- **Task directions**
Retype only the lines below from the one with "雨一直下,还有越来越大的趋势" to the one with "- 分享交流:客户端提供网络资源平台,让用户可以自由的分享自制的点读资源。", inclusive, skipping every image.

- **Provided information**
*-*-*

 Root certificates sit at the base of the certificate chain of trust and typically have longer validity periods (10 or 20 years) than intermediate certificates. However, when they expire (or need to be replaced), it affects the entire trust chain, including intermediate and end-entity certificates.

*-*-*

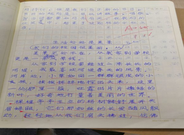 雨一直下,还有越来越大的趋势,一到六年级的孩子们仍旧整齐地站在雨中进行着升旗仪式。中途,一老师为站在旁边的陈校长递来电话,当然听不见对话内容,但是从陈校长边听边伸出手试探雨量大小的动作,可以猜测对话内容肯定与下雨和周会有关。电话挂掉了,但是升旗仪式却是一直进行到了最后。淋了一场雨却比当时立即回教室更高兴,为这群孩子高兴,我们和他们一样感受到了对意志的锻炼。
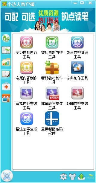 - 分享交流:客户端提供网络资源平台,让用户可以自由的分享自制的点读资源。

*-*-*

- **Problem solution**
 雨一直下,还有越来越大的趋势,一到六年级的孩子们仍旧整齐地站在雨中进行着升旗仪式。中途,一老师为站在旁边的陈校长递来电话,当然听不见对话内容,但是从陈校长边听边伸出手试探雨量大小的动作,可以猜测对话内容肯定与下雨和周会有关。电话挂掉了,但是升旗仪式却是一直进行到了最后。淋了一场雨却比当时立即回教室更高兴,为这群孩子高兴,我们和他们一样感受到了对意志的锻炼。
 - 分享交流:客户端提供网络资源平台,让用户可以自由的分享自制的点读资源。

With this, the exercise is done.